The AI Daily Brief: Artificial Intelligence News and Analysis - 7 Lessons for Enterprise AI
Episode Date: May 6, 2025OpenAI shared a short report with seven things they’ve seen work for companies using AI. These lessons come from real examples with firms like Morgan Stanley, Indeed, Klarna, BBVA, and Mercado Libre.... The report reads like a blueprint for interested firms. Interested in sponsoring the show? nlw@breakdown.network Get Ad Free AI Daily Brief: https://patreon.com/AIDailyBriefBrought to you by:KPMG – Go to https://kpmg.com/ai to learn more about how KPMG can help you drive value with our AI solutions.Blitzy.com - Go to https://blitzy.com/ to build enterprise software in days, not months The Agent Readiness Audit from Superintelligent - Go to https://besuper.ai/ to request your company's agent readiness score.The AI Daily Brief helps you understand the most important news and discussions in AI. Subscribe to the podcast version of The AI Daily Brief wherever you listen: https://pod.link/1680633614Subscribe to the newsletter: https://aidailybrief.beehiiv.com/Join our Discord: https://bit.ly/aibreakdown
Transcript
Discussion (0)
Today on the AI Daily Brief, seven lessons for Enterprise AI, before that in the headlines,
is Apple actually about to do something cool in AI?
The AI Daily Brief is a daily podcast and video about the most important news and discussions
in AI. Thanks to today's sponsors KPMG, Blitzy.com, and super intelligent, and to get an ad-free
version of the podcast, go to patreon.com slash AI Daily Brief.
Welcome back to the AI Daily Brief Headlines edition, all the daily AI news you need in around five
minutes. Now, when it comes to Gen.
Apple are certified bag fumblers. It has just been mistake after mistake and error after error
and delay after delay and underwhelming thing after underwhelming thing when it comes to this
company's AI strategy. So much so that in March, I did a podcast all about six Hail Mary's
Apple could do to get back in the AI game. And a big theme of that was to work with people who are
not fumbling the bag.
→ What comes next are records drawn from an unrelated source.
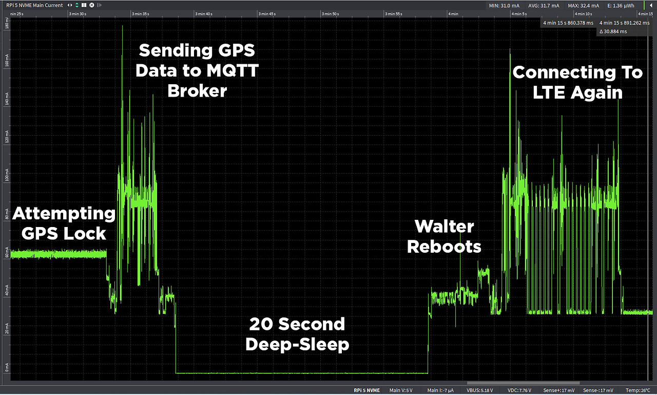 우리가 제대로 잠을 잤는지 확인하기 위해, 매우 정확한 전력 측정 장비인 Otii Arc를 작동시켰습니다 . 오른쪽 이미지는 USB를 통해 5볼트로 전원을 공급했을 때의 한 주기 동안의 모습을 보여줍니다.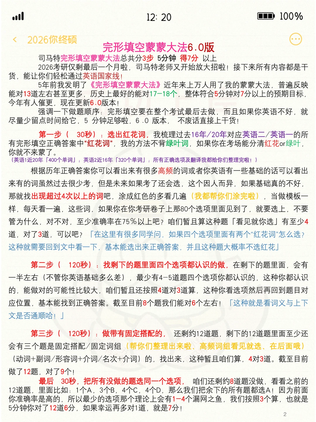 5年前我发明了《完形填空蒙蒙大法》近年来上万人用了我的蒙蒙大法,普遍反映能对13道左右甚至更多,历史上最好的能对17-18个,整体符合5分钟对7分以上的预期目标,今年有人催更,现在更新6.0版本
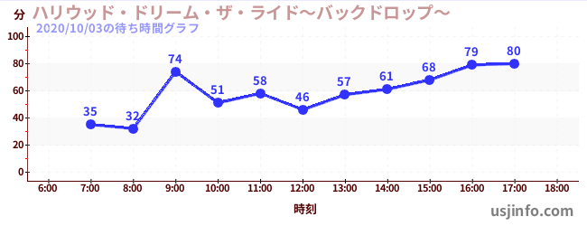 • ハリウッド・ドリーム・ザ・ライド〜バックドロップ〜$B$N(B2020年10月03日の待ち時間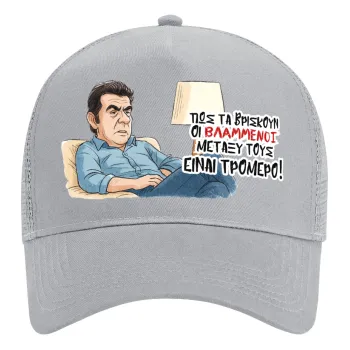 ΠΩΣ ΤΑ ΒΡΙΣΚΟΥΝ ΟΙ ΒΛΑ....ΝΟΙ ΜΕΤΑΞΥ ΤΟΥΣ, ΕΙΝΑΙ ΤΡΟΜΕΡΟ!!!, Trucker Hat with Mesh, GREY, (COTTON, KIDS, UNISEX, ONE SIZE)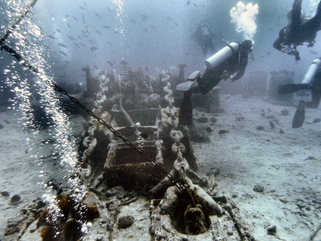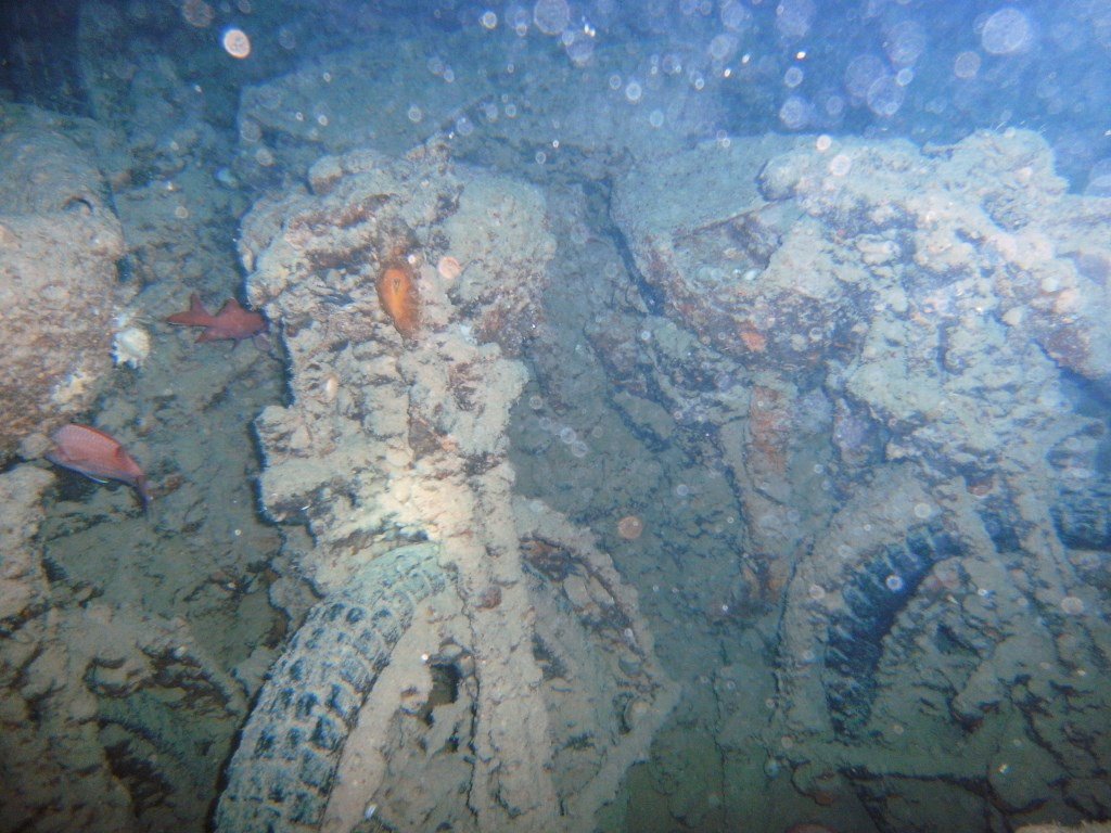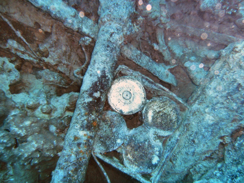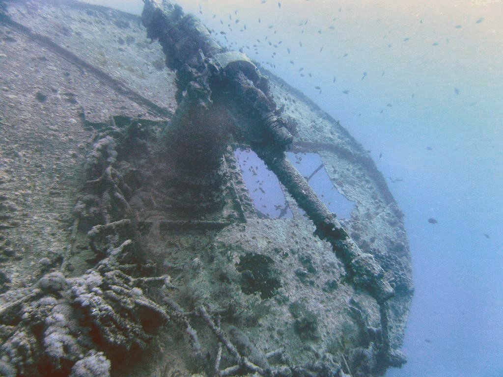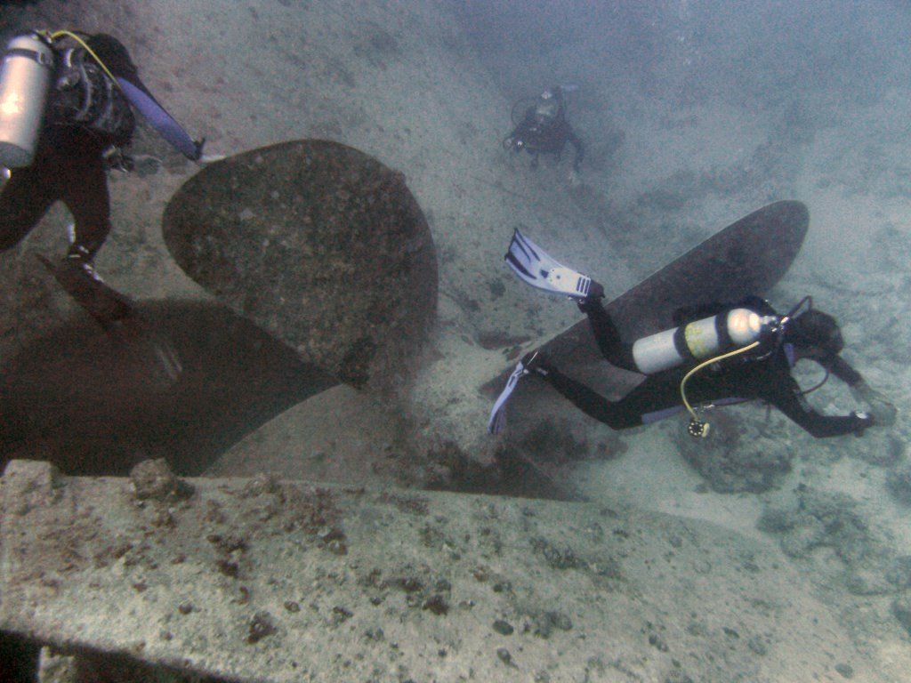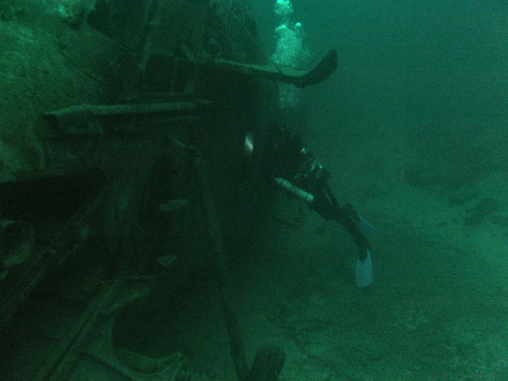 We swam over to the port side and then along, over the wreckage of hold 4, past the Bren Carriers, to the guns on the rear deck and then down to the propellor and rudder.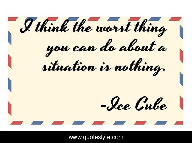 This page presents the quote "I think the worst thing you can do about a situation is nothing.". Author of this quote is Ice Cube. This quote is about enthusiasm, motivation, inspirational, reality,.

Well, interestingly, we got reports at the end of last week that Apple is
teaming up with Anthropic on an AI coding platform.
This comes from Bloomberg's Mark Germann, who's maybe the best position source in the
mainstream media when it comes to Apple Strategy.
He wrote that the two companies are working on vibe coding software that will write, edit,
and test code on behalf of software engineers.
German's sources say that the system is a new version of Xcode, which is Apple's programming
software, and it will integrate Anthropics Claude's Sonnet model.
At least initially, the focus will be entirely internal, and Apple has not yet decided
whether to launch it publicly. So it appears, at least from the limited information we have so far,
that this is Apple using AI, basically building its own version of cursor to speed up its own
internal product development. And this follows from an announcement last year when Apple said
that they were building their own AI coding tool, 4X code called Swift Assist, that they ended up
never rolling out. Now, keep in mind that not only is Apple now far behind when it comes to
consumer-facing AI, both Google and Microsoft are saying up to about 30% of their code is now
written by AI. And that's presumably driven by their own models rather than being farmed out
to Anthropic. So again, not only is Apple now behind when it comes to AI for consumer purposes,
they're also just behind in using it themselves. For the last couple of months, it has seemed like
Apple is starting to make some moves in this area. They've shifted around a bunch of leadership,
pulled over the people in charge of Vision Pro and put them in charge of Siri, and Tim Cook tried to
put a positive spin on the company's lackluster AI rollout on a recent earnings call. Cook said,
we're very excited about the roadmap, and we are pleased with the progress that we're making.
When it came to building their own models or partnering with others,
Cook said, I don't view it as an all or one of the other.
And yet still for every one of us outside,
I think Alexandre Andreanov's take is pretty reflective when he writes,
Apple should buy Anthropic before it's too late.
This was indeed the biggest Hail Mary that I had suggested back in March.
So will we see it actually come to fruition?
Well, like I said back then, I'm not particularly sure that Anthropic is looking to be bought,
but if I were Apple, I would certainly be trying.
Next up, speaking oppositely of a big tech AI product that people actually love,
Google's Notebook L.M is getting its own app,
and that app is set to launch on May 20th on both iOS and Android.
The free standalone app is now available for pre-order on both platforms.
Since its launch back in 2023, Notebook LM has been only available via desktop.
And I think for fans of Notebook LM,
this shows that Google is still investing in that complete app experience,
rather than just ripping out the viral audio overviews feature.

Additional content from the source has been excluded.